The weighted average expected term of the Company’s stock options granted during 2014, 2013 and 2012 was 5.0 years, 4.0 years and 4.9 years, respectively.
Fair Value Disclosure — Black-Scholes-Merton Model
The fair value of ESPP purchase rights issued is estimated at the date of grant of the purchase rights using the Black-Scholes-Merton option-pricing model. The Black-Scholes-Merton option-pricing model requires the input of highly subjective assumptions such as the expected stock price volatility and the expected period until options are exercised.

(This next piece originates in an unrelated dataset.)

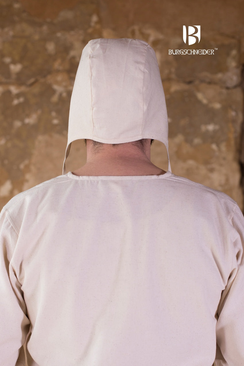 Our Coif Bertram is made of natural white cotton, a simple design that can be worn on all occasions. Classically, it goes to the neck and over the ears and can be closed with 2 ribbons.
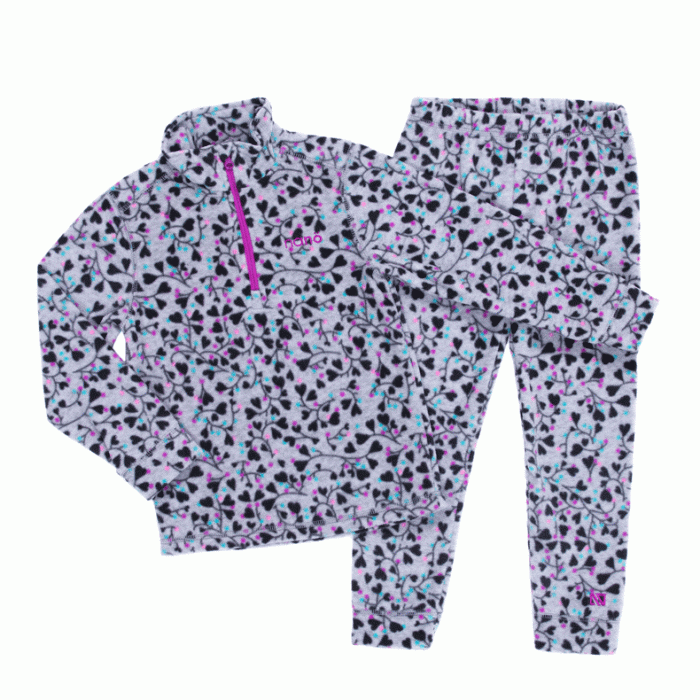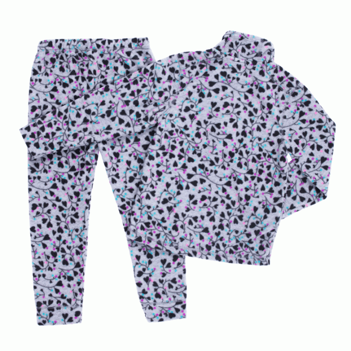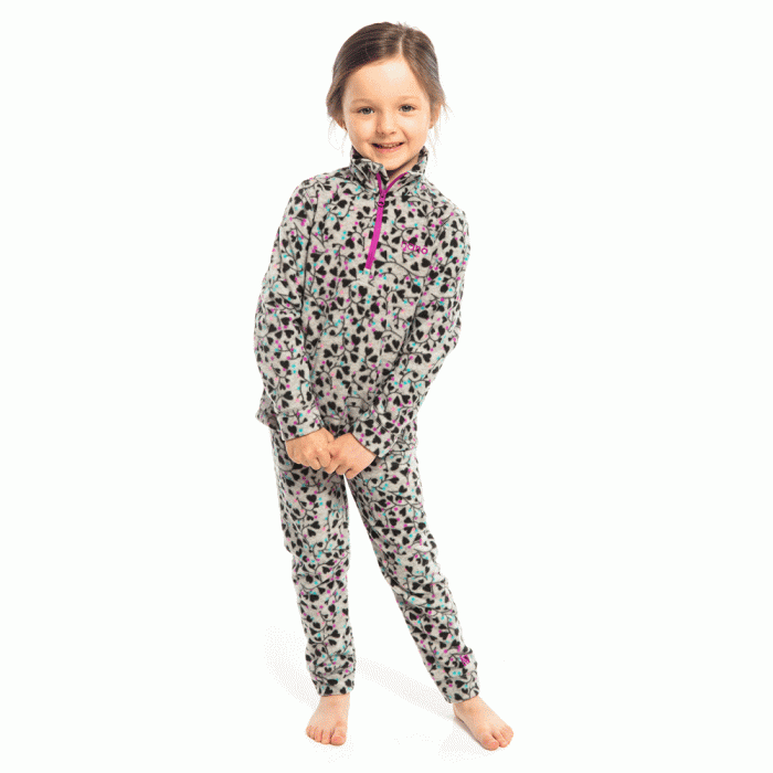 Флисовый костюм для девочки: свитерок с короткой молнией и брючки на резинке. Плотный эластичный пушистый материал, нежный и стильный дизайн и цветовая гамма: на серебристо-сером фоне темно-серые лепестки, ярко-бирюзовые и розово-фиолетовые ягодки.

Purchase rights under the ESPP are granted on either June 1st or December 1st of each year.
The fair values of all ESPP purchase rights granted on or prior to June 27, 2014 have been estimated at the date of grant using a Black-Scholes-Merton option-pricing model with the following weighted average assumptions:
 
 
ESPP
 
2014
 
2013
 
2012
Option life (in years)
1.24
 
1.24
 
1.24
Risk-free interest rate
0.26%
 
0.23%
 
0.22%
Stock price volatility
0.31
 
0.42
 
0.46
Dividend yield
1.64%
 
1.61%
 
Fair value
$14.62
 
$10.36
 
$7.29

Stock Repurchase Program
Since May 18, 2012, the Company's Board of Directors has authorized $3.0 billion for the repurchase of its common stock until September 13, 2017. The Company repurchased 10.3 million shares for a total cost of $816 million during 2014. The remaining amount available to be purchased under the Company’s stock repurchase program as of June 27, 2014 was $1.2 billion. The Company may continue to repurchase its stock as it deems appropriate and market conditions allow. Repurchases under the stock repurchase program may be made in the open market or in privately negotiated transactions and may be made under a Rule 10b5-1 plan. The Company expects stock repurchases to be funded principally by operating cash flows and borrowings under the Credit Agreement.
Stock Reserved for Issuance
The following table summarizes all shares of common stock reserved for issuance at June 27, 2014 (in millions):

 
Number
of Shares
Maximum shares issuable in connection with:
 
Outstanding awards and shares available for award grants
23.6

ESPP
5.9

Total
29.5


Dividends to Shareholders
On September 13, 2012, the Company announced that its Board of Directors had authorized the adoption of a quarterly cash dividend policy. Under the cash dividend policy, holders of the Company’s common stock receive dividends when and as declared by the Company’s Board of Directors. In 2014, the Company declared aggregate cash dividends of $1.25 per share of the Company’s common stock, totaling $295 million, of which $201 million was paid during 2014. On August 5, 2014, the Company declared a cash dividend of $0.40 per share of its common stock to shareholders of record as of October 3, 2014, which will be paid on October 15, 2014. The Company may modify, suspend or cancel its cash dividend policy in any manner and at any time.